This is useful for the novices among us, especially because it's extremely easy to tell someone "don't use var" and not really follow up on why.
But one thing I'd like to know more about is how const and let are handled under the hood (at the engine level). I have some (probably wrong) theories about what happens, but I'd like a comprehensive explanation if anyone has a good link.
I'm not sure what happens at the engine level, but also not sure that it matters. As far as I know, Babel translates all `const` and `let` statements to `var` [1]. There's not really any special interpreter functionality required by const because it behaves just like var but with some lexical rules (enforced by the transpiler) and some slight differences in scoping which can also be erased by the transpiler.
I rarely use Javascript.

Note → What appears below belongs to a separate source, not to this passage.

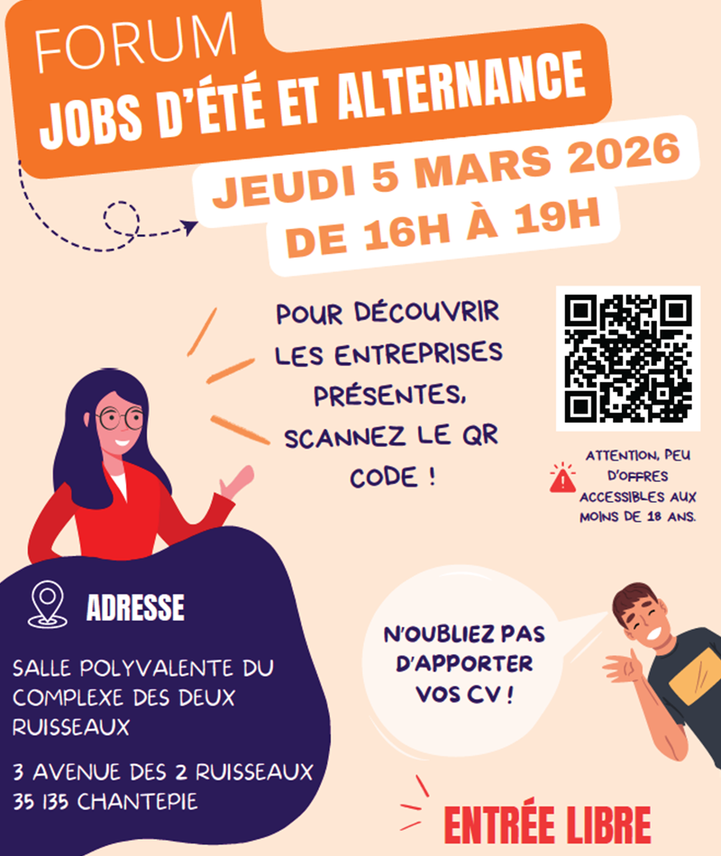 Le Forum jobs d’été et alternances revient le jeudi 5 mars 2026 de 16h à 19h. Il aura lieu cette année au complexe des Deux-Ruisseaux de Chantepie. Venez rencontrer des entreprises et prendre connaissance d’offres pour des jobs d’été ou des alternances. N’oubliez pas d’apporter vos CV !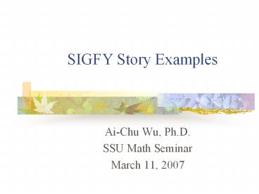 <Notice: Removed> SIGFY Story Examples PowerPoint PPT Presentation

When I do, I try to just not put anything in front of a variable I set, like in Python. I think this makes it global, but I'd rather remember that and deal with the consequences than remember the other rules. Of course, if I used it professionally or on a collaborative project I'd have to change that.
This articles makes me wonder why `var` is still a thing. Is it deprecated (or slated to be deprecated soon)? If not, why?
You can basically consider `var` to be deprecated. It's old and there's no reason to use it. That said, it will be supported forever because of the need to support old browsers and old websites. Modern JS codebases use a linter which will tell you not to use `var`.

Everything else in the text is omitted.